(What the task requires): Could you write out every record below exactly, leaving the pictures out?

(Stored items from a collection):
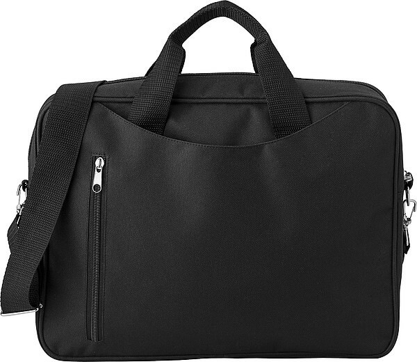 Taška na notebook z polyesteru (600D), s predným vreckom na zips, jedným veľkým, zipsom, vypchatým oddelením vrátane vrecka so zapínaním na suchý zips, dvoma malými remienkami na nosenie a jedným veľkým nastaviteľným remienkom na plece, ktoré sú vhodné pre 14 'laptop.
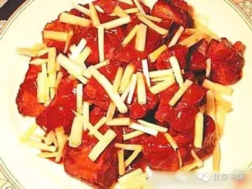 过去老北京家家户户一到过年,就得准备豆儿酱,豆儿酱这名字挺好玩的,光从名字看不出是啥,其实就是升级版的肉皮冻。只是还要往里多搁几种材料:像豆干、胡萝卜、水疙瘩、黄豆、土豆什么的,一直是北方人过年的必备凉菜。
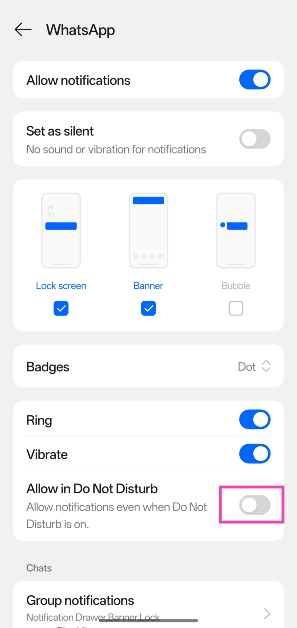 前往设置>应用程序>WhatsApp>管理通知然后打开“允许请勿打扰”旁边的切换开关。
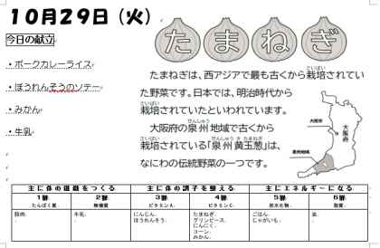 豚肉とじゃがいも・たまねぎ・にんじん・グリンピースなどの野菜たっぷりの中にニンニクをいためた「ポークカレーライス」、コーンといためた「ほうれん草のソテー」、「みかん」などをおいしくいただきました。
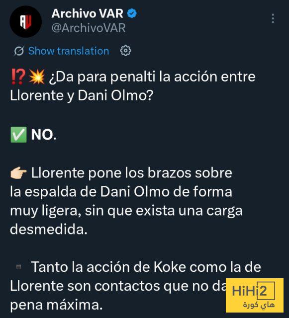 وفقًا لمنصة أرشيف الفار ، سقوط داني أولمو في منطقة جزاء أتلتيكو مدريد من جديد وللمرة الثانية لا يستحق الحصول على ركلة جزاء .
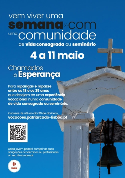 O Patriarcado de Lisboa está a desafiar os jovens entre os 18 e os 35 anos a viverem uma semana numa comunidade de vida consagrada ou num seminário, por ocasião da Semana de Oração pelas Vocações 2025, que vai decorrer de 4 a 11 de maio.
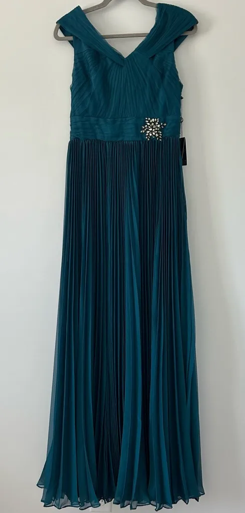 Adrianna Papell Teal Blue Shirred Caplet Embellished Pleated Skirt Gown New with tags Size 8 Color... Show more

(Written solution):
 Taška na notebook z polyesteru (600D), s predným vreckom na zips, jedným veľkým, zipsom, vypchatým oddelením vrátane vrecka so zapínaním na suchý zips, dvoma malými remienkami na nosenie a jedným veľkým nastaviteľným remienkom na plece, ktoré sú vhodné pre 14 'laptop.
 过去老北京家家户户一到过年,就得准备豆儿酱,豆儿酱这名字挺好玩的,光从名字看不出是啥,其实就是升级版的肉皮冻。只是还要往里多搁几种材料:像豆干、胡萝卜、水疙瘩、黄豆、土豆什么的,一直是北方人过年的必备凉菜。
 前往设置>应用程序>WhatsApp>管理通知然后打开“允许请勿打扰”旁边的切换开关。
 豚肉とじゃがいも・たまねぎ・にんじん・グリンピースなどの野菜たっぷりの中にニンニクをいためた「ポークカレーライス」、コーンといためた「ほうれん草のソテー」、「みかん」などをおいしくいただきました。
 وفقًا لمنصة أرشيف الفار ، سقوط داني أولمو في منطقة جزاء أتلتيكو مدريد من جديد وللمرة الثانية لا يستحق الحصول على ركلة جزاء .
 O Patriarcado de Lisboa está a desafiar os jovens entre os 18 e os 35 anos a viverem uma semana numa comunidade de vida consagrada ou num seminário, por ocasião da Semana de Oração pelas Vocações 2025, que vai decorrer de 4 a 11 de maio.
 Adrianna Papell Teal Blue Shirred Caplet Embellished Pleated Skirt Gown New with tags Size 8 Color... Show more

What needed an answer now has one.